--- Information provided Enclosed Below ---

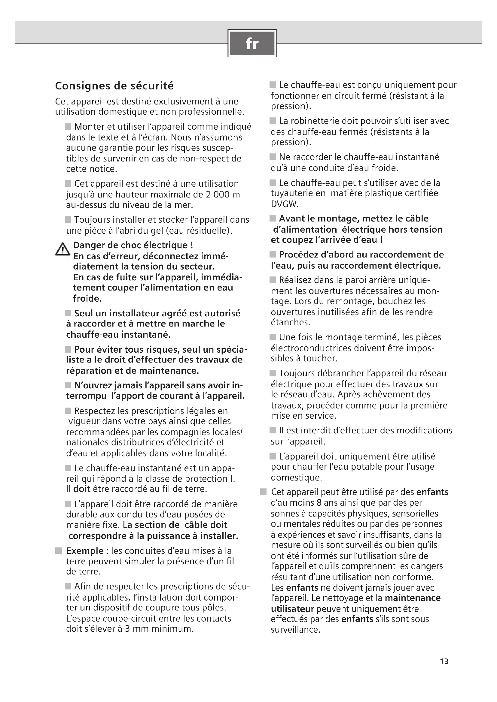 Consignes de sécurité Cet appareil est destiné exclusivement à une utilisation domestique et non professionnelle. ■ Monter et utiliser l’appareil comme indiqué dans le texte et à l’écran. Nous n’assumons aucune garantie pour les risques suscep- tibles de survenir en cas de non-respect de cette notice. ■ Cet appareil est destiné à une utilisation jusqu’à une hauteur maximale de 2 000 m au-dessus du niveau de la mer. ■ Toujours installer et stocker l’appareil dans une pièce à l’abri du gel (eau résiduelle). Danger de choc électrique ! En cas d’erreur, déconnectez immé- diatement la tension du secteur. En cas de fuite sur l’appareil, immédia- tement couper l’alimentation en eau froide. ■ Seul un installateur agréé est autorisé à raccorder et à mettre en marche le chauffe-eau instantané. ■ Pour éviter tous risques, seul un spécia- liste a le droit d’effectuer des travaux de réparation et de maintenance. ■ Nʼouvrez jamais l’appareil sans avoir in- terrompu l’apport de courant à l’appareil. ■ Respectez les prescriptions légales en vigueur dans votre pays ainsi que celles recommandées par les compagnies locales/ nationales distributrices d’électricité et d’eau et applicables dans votre localité. ■ Le chauffe-eau instantané est un appa- reil qui répond à la classe de protection I. Il doit être raccordé au fil de terre. ■ L’appareil doit être raccordé de manière durable aux conduites d’eau posées de manière fixe. La section de câble doit correspondre à la puissance à installer. ■ Exemple : les conduites d’eau mises à la terre peuvent simuler la présence d’un fil de terre. ■ Afin de respecter les prescriptions de sécu- rité applicables, l’installation doit compor- ter un dispositif de coupure tous pôles. L’espace coupe-circuit entre les contacts doit s’élever à 3 mm minimum. ■ Le chauffe-eau est conçu uniquement pour fonctionner en circuit fermé (résistant à la pression). ■ La robinetterie doit pouvoir s’utiliser avec des chauffe-eau fermés (résistants à la pression). ■ Ne raccorder le chauffe-eau instantané qu’à une conduite d’eau froide. ■ Le chauffe-eau peut s’utiliser avec de la tuyauterie en matière plastique certifiée DVGW. ■ Avant le montage, mettez le câble d’alimentation électrique hors tension et coupez l’arrivée d’eau ! ■ Procédez d’abord au raccordement de l’eau, puis au raccordement électrique. ■ Réalisez dans la paroi arrière unique- ment les ouvertures nécessaires au mon- tage. Lors du remontage, bouchez les ouvertures inutilisées afin de les rendre étanches. ■ Une fois le montage terminé, les pièces électroconductrices doivent être impos- sibles à toucher. ■ Toujours débrancher l’appareil du réseau électrique pour effectuer des travaux sur le réseau d’eau. Après achèvement des travaux, procéder comme pour la première mise en service. ■ Il est interdit d’effectuer des modifications sur l’appareil. ■ L’appareil doit uniquement être utilisé pour chauffer l’eau potable pour l’usage domestique. ■ Cet appareil peut être utilisé par des enfants d’au moins 8 ans ainsi que par des per- sonnes à capacités physiques, sensorielles ou mentales réduites ou par des personnes à expériences et savoir insuffisants, dans la mesure où ils sont surveillés ou bien qu’ils ont été informés sur l’utilisation sûre de l’appareil et qu’ils comprennent les dangers résultant d’une utilisation non conforme. Les enfants ne doivent jamais jouer avec l’appareil. Le nettoyage et la maintenance utilisateur peuvent uniquement être effectués par des enfants s’ils sont sous surveillance.14
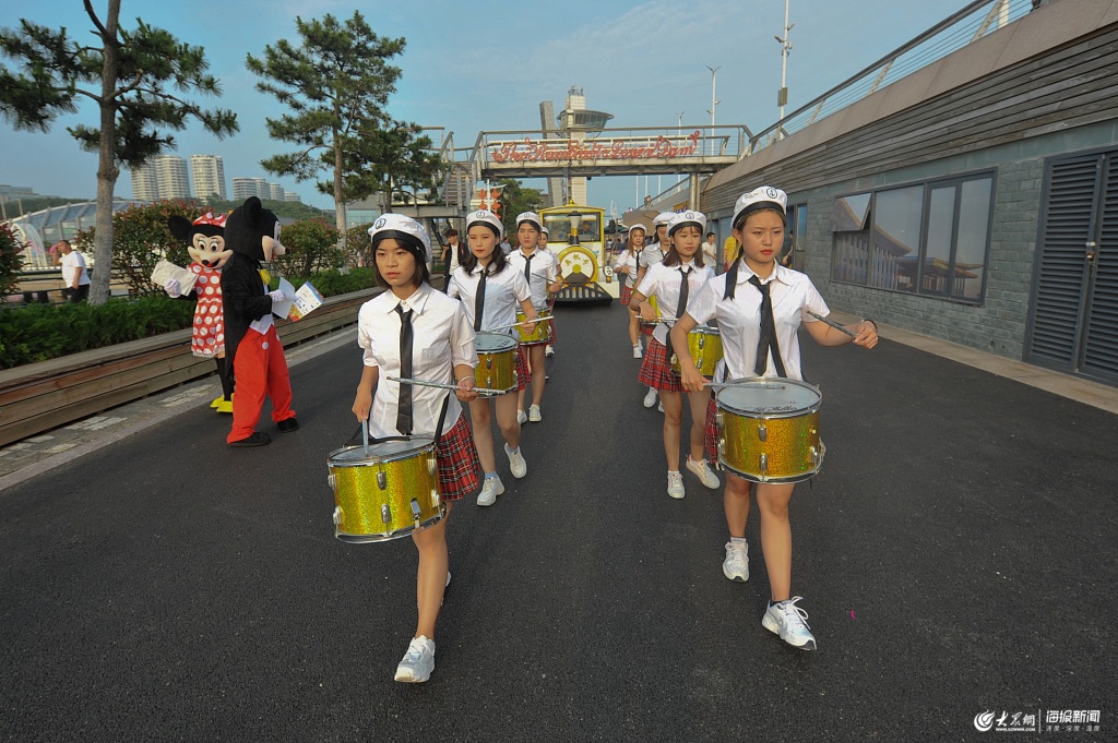 2019年6月29日,青島市奧帆情人壩休閑風(fēng)情街開街儀式上,軍鼓隊進行巡游走秀活動。
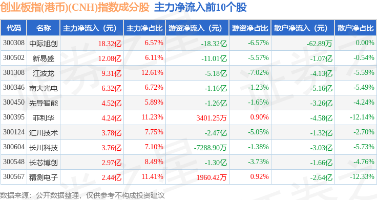 资金流向方面,创业板指(港币)(CNH)(970006)指数成份股当日主力资金净流出合计54.97亿元,游资资金净流出合计9.35亿元,散户资金净流入合计64.32亿元。成份股资金流向详情见下表:
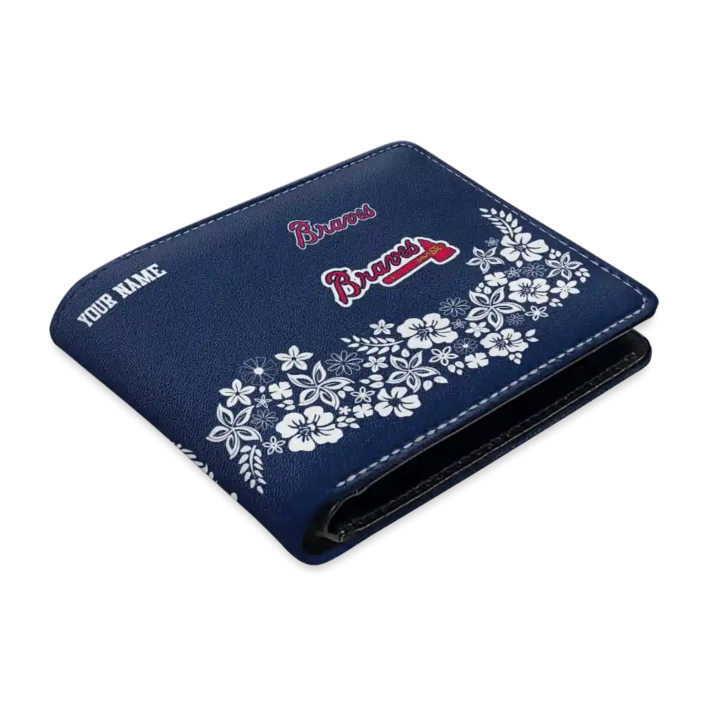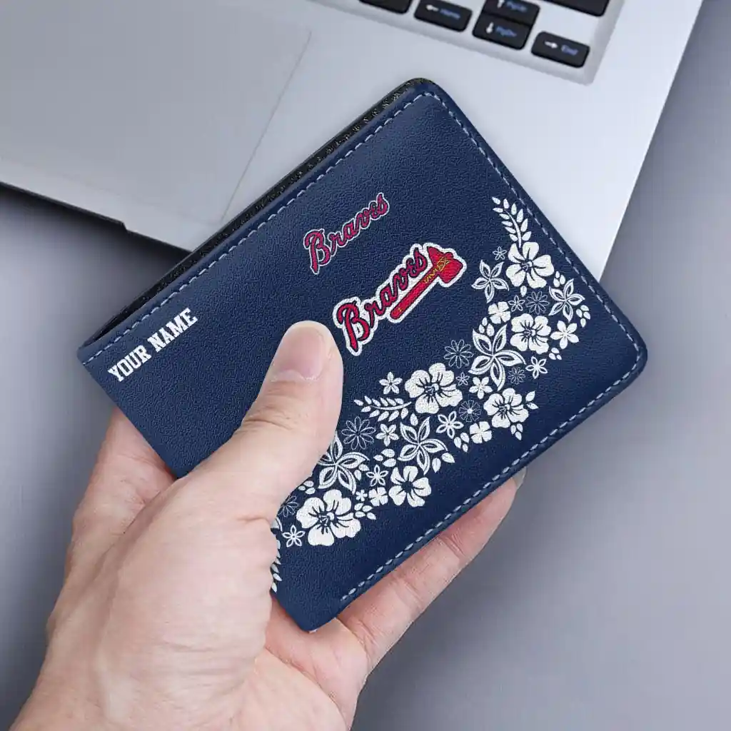 Atlanta Braves Wallet – Personalized Floral Cluster Navy White

--- End of Enclosed Information provided ---

--- Required action ---
Starting where a line contains "资金流向方面,创业板指(港币" and finishing at the last line above, set down every line exactly as it reads, with no pictures.

--- Answer for the task ---
 资金流向方面,创业板指(港币)(CNH)(970006)指数成份股当日主力资金净流出合计54.97亿元,游资资金净流出合计9.35亿元,散户资金净流入合计64.32亿元。成份股资金流向详情见下表:
 Atlanta Braves Wallet – Personalized Floral Cluster Navy White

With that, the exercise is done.